Кревель мне не поверил, и я его понимаю. Между Магой и мной выросли целые заросли слов, и как только нас разделили несколько часов и несколько кварталов, как моя боль называется болью, а моя любовь называется любовью… Я чувствую все меньше, а вспоминаю все больше, но что есть воспоминание, как не язык чувств, словарь лиц, дней и ароматов, которые возвращаются к нам в виде глаголов и прилагательных, а те по мере приближения становятся вещью в себе, настоящим в чистом виде, заставляют нас грустить или поучают, как церковный викарий, до тех пор, пока сам не станешь этим викарием, и тогда, обернувшись назад, мы широко открываем глаза, подлинные наши черты постепенно стираются, как на старых фотографиях, и каждый из нас вдруг становится Янусом. Все это я говорю Кревелю, но на самом деле я разговариваю с Магой, сейчас, когда мы далеко друг от друга. Я говорю с ней не теми словами, которые годятся лишь для того, чтобы их не понимали, сейчас, когда уже поздно, я подбираю другие, ее слова, обернутые в то, что ей понятно и что не имеет названия, — это аура или нерв двух тел, от напряжения которых словно вспыхивает искра и золотым дождем наполняет комнату или поэтическую строку. Но разве не так мы жили, с нежностью причиняя страдания друг другу? Нет, мы жили не так, она бы хотела так жить, но я вновь и вновь устанавливал тот фальшивый порядок вещей, который только прикрывает хаос, я только делал вид, что погружаюсь в глубину жизни, а на самом деле я лишь пробовал носком ноги ее бурные воды. Бывают реки метафизические, и она плавает в них, вон как та ласточка в вышине, которая завороженно кружит над колокольней, а потом то камнем падает вниз, то вдруг взмывает ввысь. Я описываю эти реки, называю их, я хочу их, а она в них плавает. Я ищу эти реки, нахожу, любуюсь ими с моста, а она в них плавает. И даже не знает об этом, совсем как та ласточка. Ей в отличие от меня и не нужно этого знать, она может жить и в беспорядке, и никакие представления о порядке ее не сдерживают. Для нее в этом беспорядке содержится таинственный порядок, богемное существование тела и души, которое настежь открывает перед ней врата истины. Ее жизнь не более беспорядочна, чем моя, погребенного под собственными предрассудками, которые я и презираю, и почитаю. Я, приговоренный к неизменно оправдательному приговору со стороны Маги, которая судит меня, сама того не зная. Ах, как бы мне хотелось войти в твой мир и хоть одним глазком взглянуть на все так, как это видишь ты!
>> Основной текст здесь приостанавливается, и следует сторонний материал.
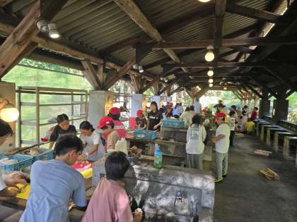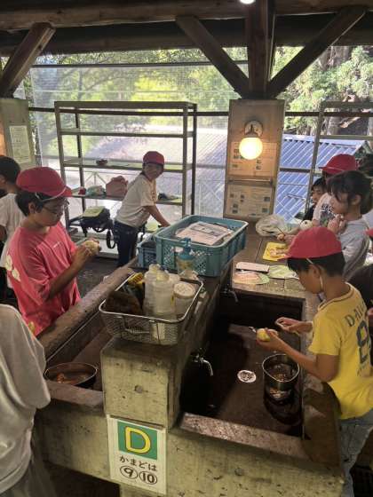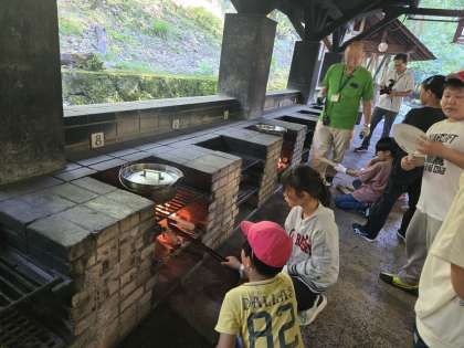 どうやったら上手く火がつくかな…かまど担当も奮闘しています!

Напрасно. Я приговорен быть оправданным. Возвращайся домой и читай Спинозу. Мага понятия не имеет, кто такой Спиноза. Мага читает бесконечные романы русских и немецких классиков, а также Переса Гальдоса[232] и тут же все забывает. Она и не подозревает, что это она обрекла меня на чтение Спинозы. Никем не услышанный судья, потому что судят меня твои руки, то, как ты бежишь по улице, как смотришь на меня и раздеваешь меня взглядом, и то, что ты такая глупенькая, такая незадачливая и такая растяпа и неумеха, что дальше некуда. Учитывая все то, что я знаю с высоты моего горького знания, с моим прогнившим мерилом университетского образования и моей просвещенности, учитывая все это, судья. Бросайся же вниз, ласточка, разрезав, словно острыми ножницами, небо над Сен-Жермен-де-Пре, и выклюй глаза тому, кто смотрит и не видит, я приговорен без права на апелляцию, близок голубой эшафот, куда поднимут меня руки женщины, ухаживающей за ребенком, близко наказание, близок лживый порядок, при котором я в одиночестве получу сколько угодно и самодостаточности, и самопознания, и самокопания. И ко всему этому само-знанию прибавится ненужная тоска по сожалению о чем-то, например о том, чтобы здесь, внутри, прошел дождь, чтобы наконец пролился дождь и запахло бы землей и чем-то живым, да, наконец чем-то живым.

(-79)

22

Мнения были такие, что старик поскользнулся, что машина «прочесала» на красный свет, что старик хотел покончить с собой, что в Париже с каждым днем ходить все опаснее, что уличное движение чудовищное, что старик не виноват, что у машины неисправны тормоза, что старик сам проявил безрассудство и неосторожность, что жизнь дорожает с каждым днем, что в Париже деваться некуда от иностранцев, которые не соблюдают порядок на проезжей части и отнимают работу у французов.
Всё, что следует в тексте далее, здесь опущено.